Return the data exactly, with all pictures removed.

Records from a data source
BEGIN
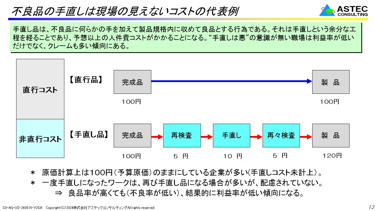 “見えないコスト”とは、原価計算上は計上されないコストのことです。見えないからこそ改善のメスが入り難いという特徴があり、高コスト体質企業の多くで対策が取られていないのが実態です。
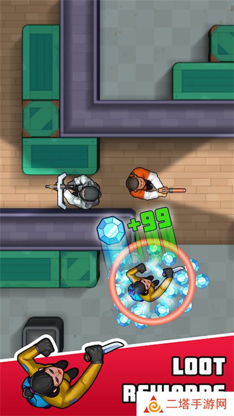 3. 收集钻石与宝石:游戏中可以收集钻石和宝石,用于购买新的角色、装备或提升角色能力。玩家需要巧妙利用走位和隐藏设备,在不被敌人发现的情况下收集这些奖励。
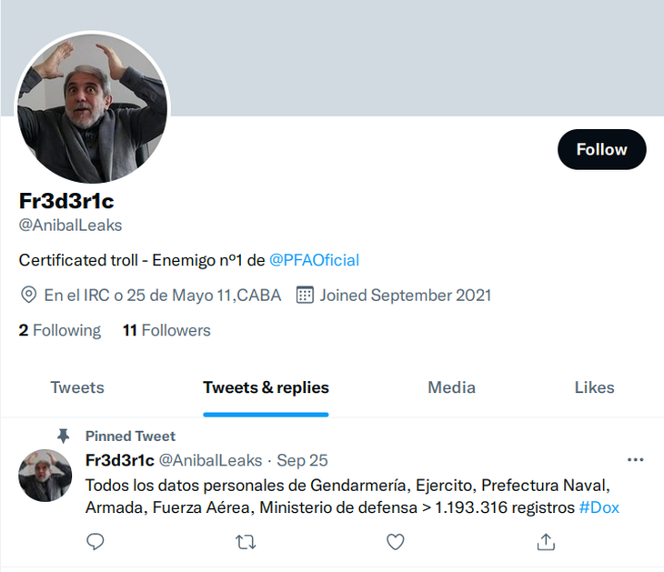 Además, indicó que desde esa misma cuenta -@aniballeaks, ahora suspendida- se habían publicado semanas atrás los datos de más de 1 millón de personas de la obra social de las fuerzas armadas (IOSFA).
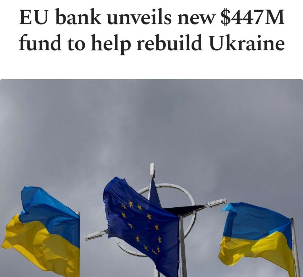 Europeiska investeringsbanken (EIB) betalade förra året ut 1,7 miljarder euro till Ukraina. I går tillkännagav Europeiska unionen en ny fond genom sin utlåningsdel värd 400 miljoner euro att spenderas på återuppbyggnad av Ukraina innan blockets långsiktiga återuppbyggnadsplan börjar.
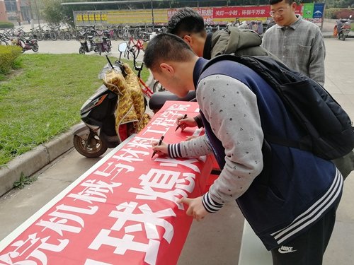 五食堂门口,同学们积极在签名海报前集体留影、签名,表达了保护环境的决心。阳光明媚,清风微拂,同学们在团委员工会外联部和小红帽志愿者队各部长的带领下,热烈讨论着两会环保热点话题,向来往同学科普环保小知识,以提高员工环保意识,培养同学们奉献社会的责任感。最后,团委员工会外联部及小红帽志愿者队全体成员和参与前来签名的同学一起在签名墙前合影留念,并喊出“熄灯一小时,燃亮生态未来”的口号。
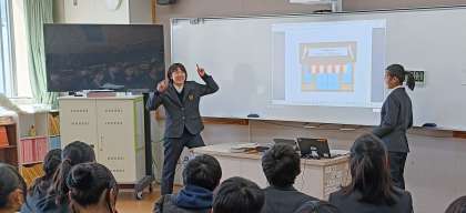 グループごとに創作した英語の寸劇を披露しました。全員が声をそろえて「Action!」と言うと寸劇が始まりました。英語でのセリフにもかかわらず、スムーズな進行で観客も大いに笑い、楽しんでいました。テンポも良く、内容も分かりやすかったため、みなさんの反応も非常に良く、クラス全員が一丸となる素晴らしい時間でした。
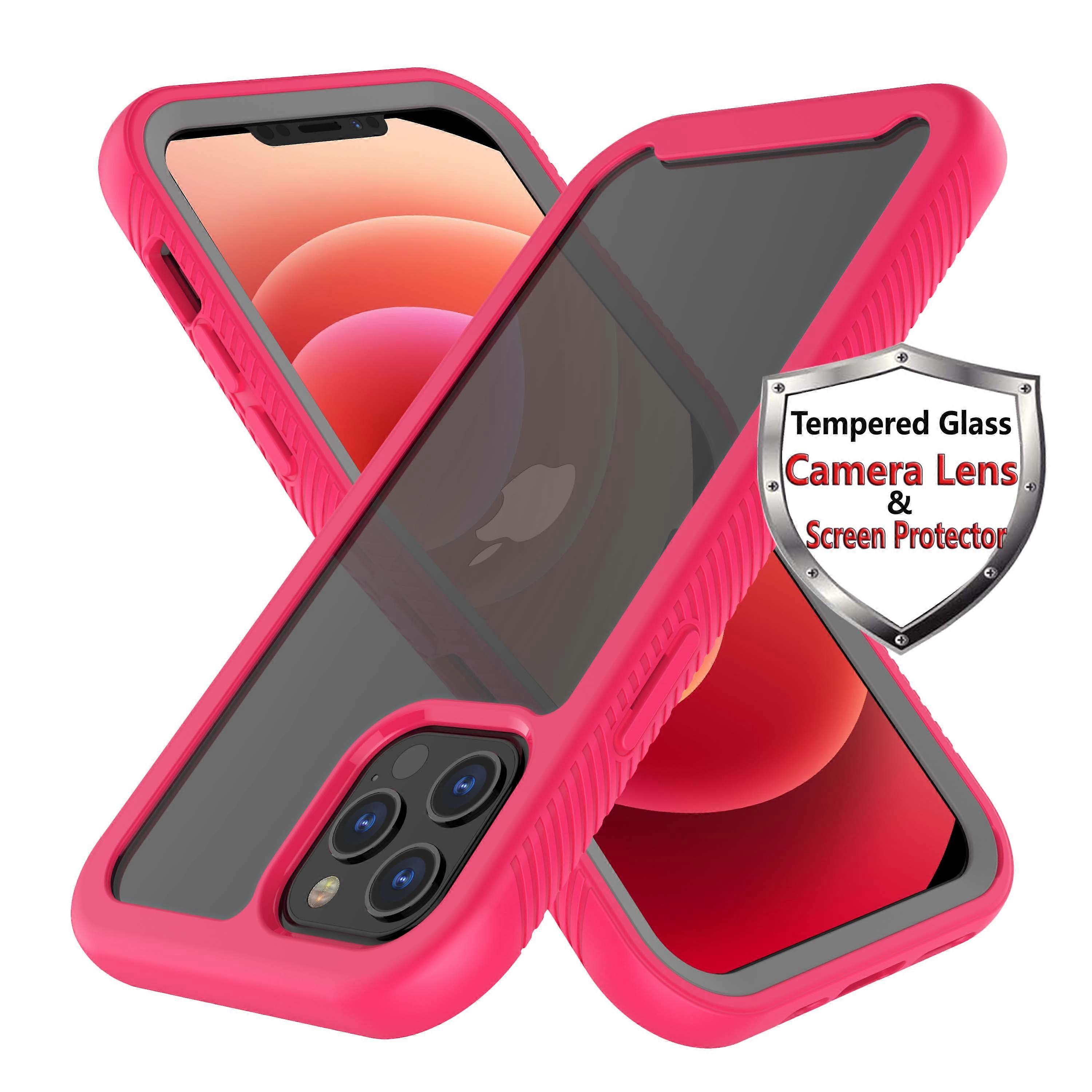Compatible with iPhone 12 Pro Max Case, Tempered Glass Camera & Screen Protector, Slim Transparent TPU Hard Case - Rose
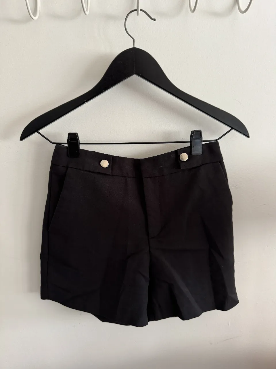 Shorts negros de vestir, tiro alto, con dos bolsillos delanteros y dos traseros (de mentira). Cierre con gancho y botón metálico. Ideales para un look elegante y sofisticado.
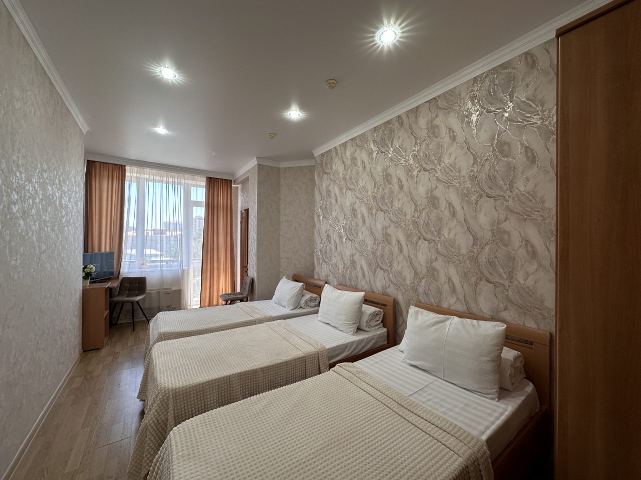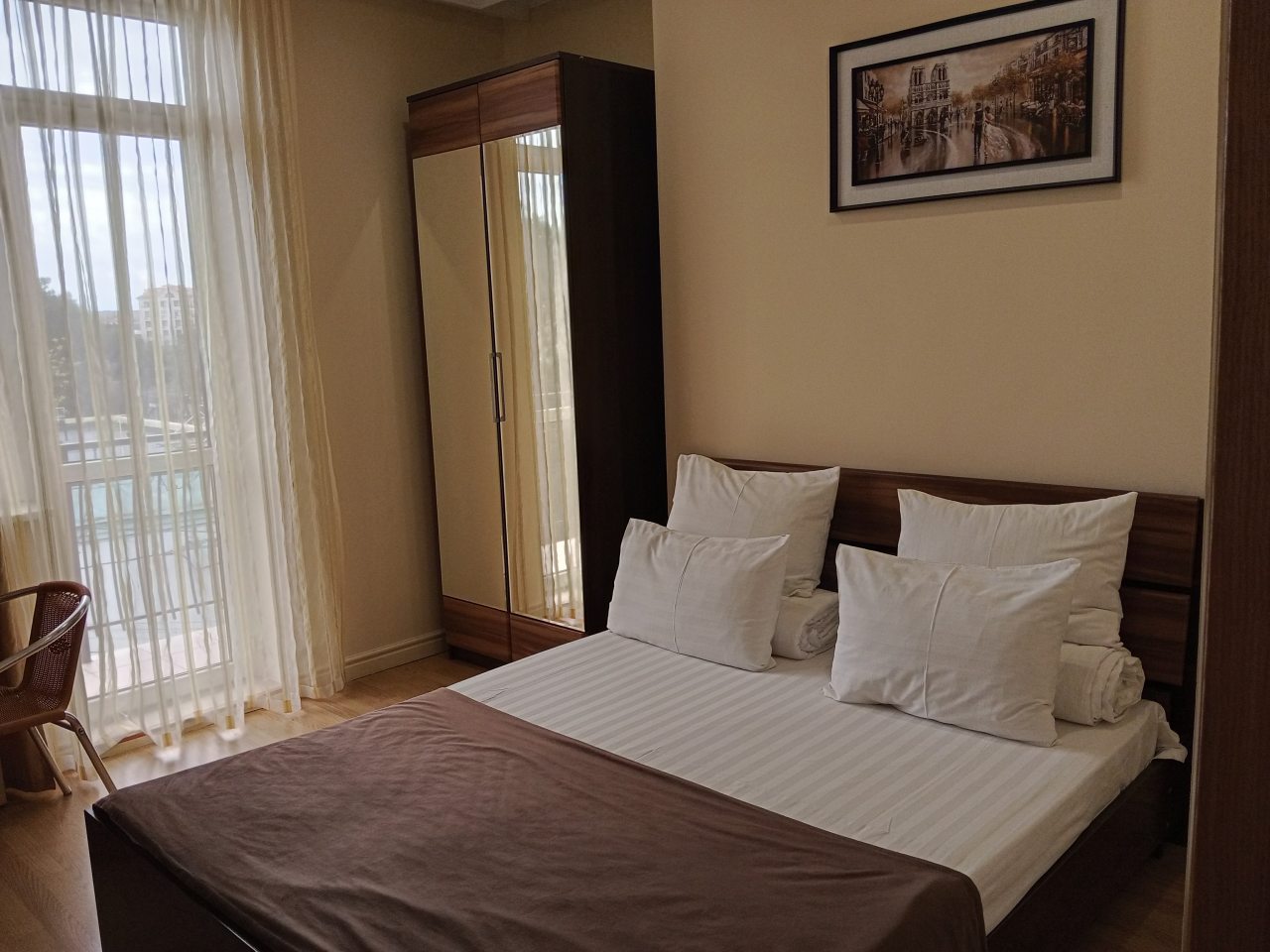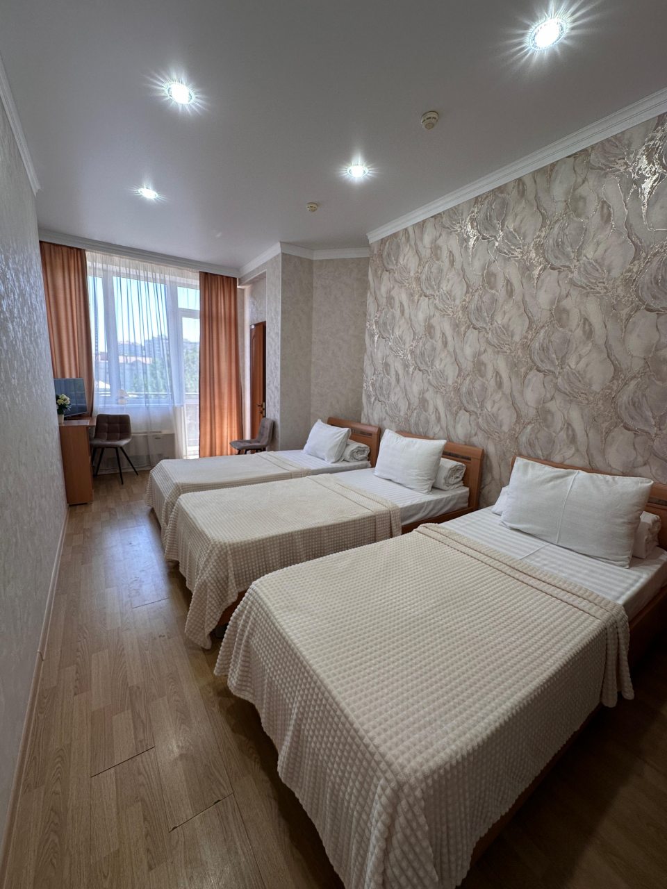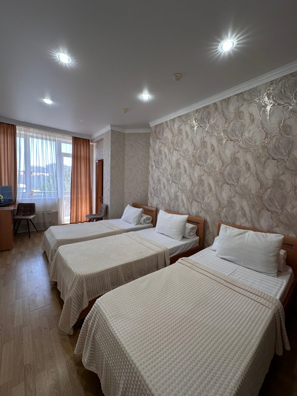 Здесь отличное все. Персонал приветливый и вежливый. Номер был просторный и очень уютный. Хорошо обставленный. На кровати постелен отличный матрас. Было чисто. Ходили по номеру в белых носках, остались чистыми, что вижу впервые. Стоимость более чем адекватная, учитывая расположение. Находится прямо у моря, почти на берегу. Звукоизоляция не идеальная, но это проблема многих гостиниц. Но нам по сути никто не мешал и мы не слышали шумов посторонних, спали спокойно. Рекомендую к проживанию.
END
ANSWER SECTION ::
 “見えないコスト”とは、原価計算上は計上されないコストのことです。見えないからこそ改善のメスが入り難いという特徴があり、高コスト体質企業の多くで対策が取られていないのが実態です。
 3. 收集钻石与宝石:游戏中可以收集钻石和宝石,用于购买新的角色、装备或提升角色能力。玩家需要巧妙利用走位和隐藏设备,在不被敌人发现的情况下收集这些奖励。
 Además, indicó que desde esa misma cuenta -@aniballeaks, ahora suspendida- se habían publicado semanas atrás los datos de más de 1 millón de personas de la obra social de las fuerzas armadas (IOSFA).
 Europeiska investeringsbanken (EIB) betalade förra året ut 1,7 miljarder euro till Ukraina. I går tillkännagav Europeiska unionen en ny fond genom sin utlåningsdel värd 400 miljoner euro att spenderas på återuppbyggnad av Ukraina innan blockets långsiktiga återuppbyggnadsplan börjar.
 五食堂门口,同学们积极在签名海报前集体留影、签名,表达了保护环境的决心。阳光明媚,清风微拂,同学们在团委员工会外联部和小红帽志愿者队各部长的带领下,热烈讨论着两会环保热点话题,向来往同学科普环保小知识,以提高员工环保意识,培养同学们奉献社会的责任感。最后,团委员工会外联部及小红帽志愿者队全体成员和参与前来签名的同学一起在签名墙前合影留念,并喊出“熄灯一小时,燃亮生态未来”的口号。
 グループごとに創作した英語の寸劇を披露しました。全員が声をそろえて「Action!」と言うと寸劇が始まりました。英語でのセリフにもかかわらず、スムーズな進行で観客も大いに笑い、楽しんでいました。テンポも良く、内容も分かりやすかったため、みなさんの反応も非常に良く、クラス全員が一丸となる素晴らしい時間でした。
Compatible with iPhone 12 Pro Max Case, Tempered Glass Camera & Screen Protector, Slim Transparent TPU Hard Case - Rose
 Shorts negros de vestir, tiro alto, con dos bolsillos delanteros y dos traseros (de mentira). Cierre con gancho y botón metálico. Ideales para un look elegante y sofisticado.
 Здесь отличное все. Персонал приветливый и вежливый. Номер был просторный и очень уютный. Хорошо обставленный. На кровати постелен отличный матрас. Было чисто. Ходили по номеру в белых носках, остались чистыми, что вижу впервые. Стоимость более чем адекватная, учитывая расположение. Находится прямо у моря, почти на берегу. Звукоизоляция не идеальная, но это проблема многих гостиниц. Но нам по сути никто не мешал и мы не слышали шумов посторонних, спали спокойно. Рекомендую к проживанию.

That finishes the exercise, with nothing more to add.